--- WHAT TO WORK ON ---
Could you give the entries back exactly as they stand, minus any pictures?

--- ENTRIES PROVIDED ---
[Start of Attachment]

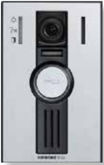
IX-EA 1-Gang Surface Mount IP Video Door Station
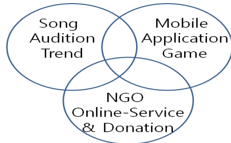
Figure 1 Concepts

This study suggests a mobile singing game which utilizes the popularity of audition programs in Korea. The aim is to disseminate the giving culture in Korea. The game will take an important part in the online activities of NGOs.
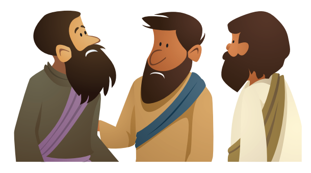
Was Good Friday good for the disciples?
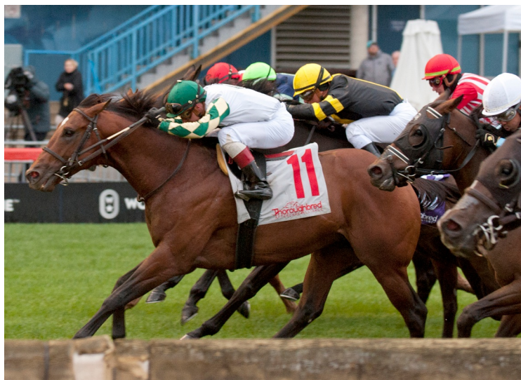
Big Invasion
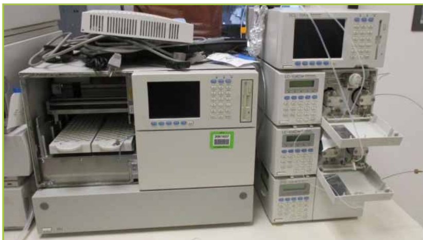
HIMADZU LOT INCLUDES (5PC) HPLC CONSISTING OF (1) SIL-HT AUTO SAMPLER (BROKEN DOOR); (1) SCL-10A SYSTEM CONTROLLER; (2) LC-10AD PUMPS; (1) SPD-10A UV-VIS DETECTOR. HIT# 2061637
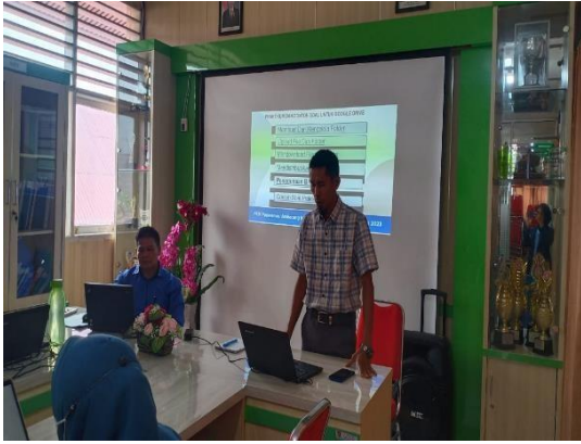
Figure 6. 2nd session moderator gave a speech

[End of Attachment]

--- EXERCISE OUTPUT ---
IX-EA 1-Gang Surface Mount IP Video Door Station
Figure 1 Concepts

This study suggests a mobile singing game which utilizes the popularity of audition programs in Korea. The aim is to disseminate the giving culture in Korea. The game will take an important part in the online activities of NGOs.
Was Good Friday good for the disciples?
Big Invasion
HIMADZU LOT INCLUDES (5PC) HPLC CONSISTING OF (1) SIL-HT AUTO SAMPLER (BROKEN DOOR); (1) SCL-10A SYSTEM CONTROLLER; (2) LC-10AD PUMPS; (1) SPD-10A UV-VIS DETECTOR. HIT# 2061637
Figure 6. 2nd session moderator gave a speech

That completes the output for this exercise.